Tuesday, December 04, 2007

In Alaska’s Far North, Two Cultures Collide

Each summer and fall, the Inupiat, natives of Alaska’s arid north coast, take their sealskin boats and gun-fired harpoons and go whale hunting. Kills are celebrated throughout villages as whaling captains share their catch with relatives and neighbors. Muktuk, or raw whale skin and blubber, is a prized delicacy.

But now, that traditional way of life is coming into conflict with one of the modern world’s most urgent priorities: finding more oil.

Royal Dutch Shell is determined to exploit vast reserves believed to lie off Alaska’s coast. The Bush administration backs the idea and has issued offshore leases in recent years totaling an area nearly the size of Maryland.

Those leases have received far less attention than failed efforts to drill in the Arctic National Wildlife Refuge, but they may prove to be far more important.
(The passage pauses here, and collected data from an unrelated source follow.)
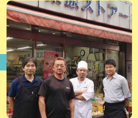
心づよいお助け隊

井の頭3丁目にある「五小通り商栄会」の5店舗では、配達無料の宅配サービス「おたすけ隊」を実施しています。「水1本でも、まぐろの刺身2枚でも、配達するよ!」というこのサービス。いったいどんな人たちが、どんなふう運営しているのでしょうか。
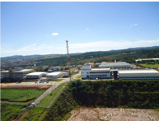
Vista lateral do campus
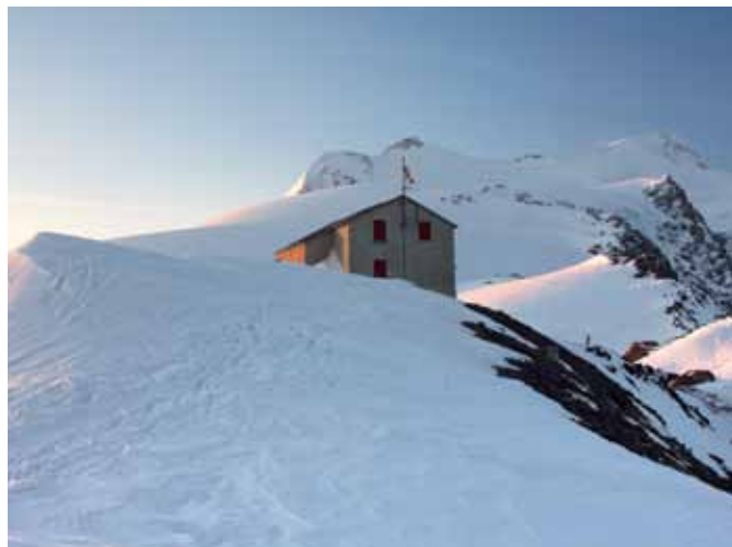
Monte Cevedale s kočje Casati

Cevedale je znan kot lažji turnosmučarski vrh. Nanj lahko pristopimo zahodno iz doline Valle di Cedec ali pa s severa iz doline Martelltal, kar je opisano tu. Celotno turo močno skrajšamo, če uporabimo žičnico. Z vrha Cevedala je najboljši pogled na vzhodno pobočje markantne sosednje gore Gran Zebrù/Königspitze.
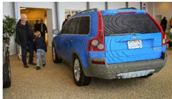
Barnens klara favoritbil var en Volvo XC90 som byggts med 210 076 legobitar. Ett imponerande bygge! Många barnafingrar var där och kände – men bitarna satt fast.
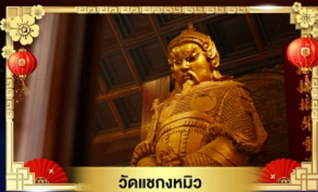
วัดเขกทมิฬ
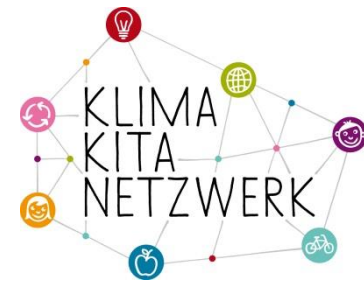
Konsultations-Kita der Region Süd: Kita kleine Farm Bobingen

By some estimates, the oil under the Alaskan seabed could exceed the reserves remaining in the rest of the United States, though how much might ultimately be recoverable is uncertain.
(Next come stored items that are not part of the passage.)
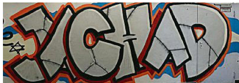
„Jachad“: das Jugendzentrum der Synagogen-Gemeinde

Die jüdische Gemeinde in Köln ist die älteste Gemeinde Deutschlands. Ihr Zentrum ist die Synagoge in der Roonstraße (links). Die orthodoxe Synagogengemeinde Köln hat 4100 Mitglieder und ist damit hinter Düsseldorf die zweitgrößte in NRW. Im gesamten Bundesland haben die jüdischen Gemeinden etwas mehr als 26 000 Mitglieder.
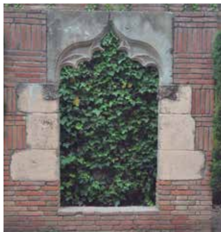
Un dels finestrals gòtics ubicats als jardins de la Torre Muntadas / Foto: PAU RODRÍGUEZ, any 2023

La gran heretat, de 186 mujades arribà a tenir al llarg dels segles petites masies sufragànies: Cal Xic d'en Donyanna, Can Donyanna o Ca l'Ixo. L'agost de 1556 dues mujades de la finca van ser cedides per a
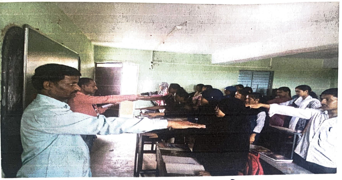
दि. 11 जुलै 2019 रोजी तंबाखू मुक्ती शपथ घेण्यात आली
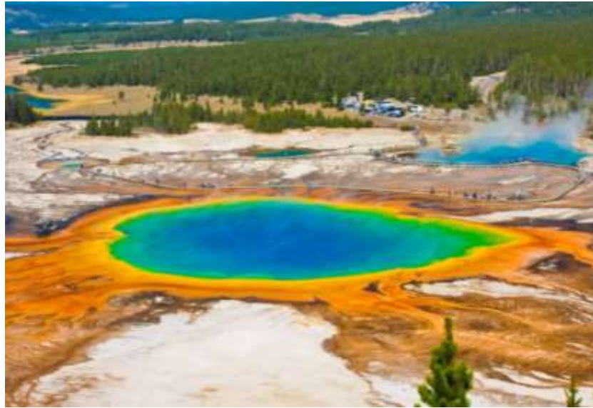
شکل ۲: چشمه منشوری بزرگ، پارک ملی یلواستون، آمریکا (۳۲).
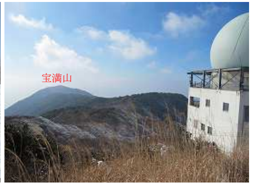
宝満山方面の眺め。

Shell is eager to find out. It tried to make headway this summer, only to be stopped by an unusual alliance of Inupiat whalers and environmental groups who filed a suit in federal court.
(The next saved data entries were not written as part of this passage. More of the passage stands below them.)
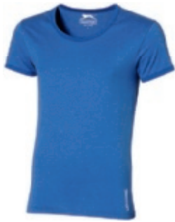
53 heather blue 1 2 3
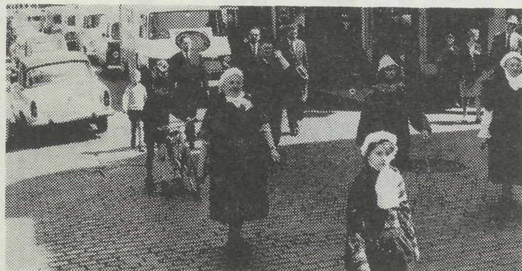
De optocht der viswagens door de Oostendse straten.
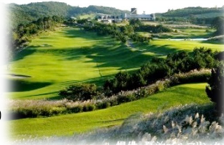
나쓰도마리 골프 링크스

They argue that noisy drilling off the Alaska coast could disrupt migration routes for the bowhead whales, making it impossible for the Inupiat to capture their allotted share of about 60 animals per year. A court hearing is scheduled for today to consider whether the company can move forward, though a ruling is not expected for months.

Native communities are not unalterably opposed to oil production — on the contrary, many rely on oil for their livelihoods. The North Slope Borough, a countylike governmental unit the size of Minnesota where most of Alaska’s 10,000 Inupiat live, gets the bulk of its $98 million budget each year from taxing onshore oil operations.

Native corporations also derive a large part of their business from serving the oil industry in Prudhoe Bay. Community leaders are caught between a desire to preserve traditional whaling and the economic necessity of permitting the oil industry to move into new areas.

“It’s a hell of a dilemma,” said Edward S. Itta, the mayor of the North Slope Borough, who is opposed to Shell’s drilling plans. “Without a doubt, America’s energy needs are way up, and something’s going to happen up there. It’s a way of life against an opposing value. This way of life has value; nobody can put it in dollars and cents.”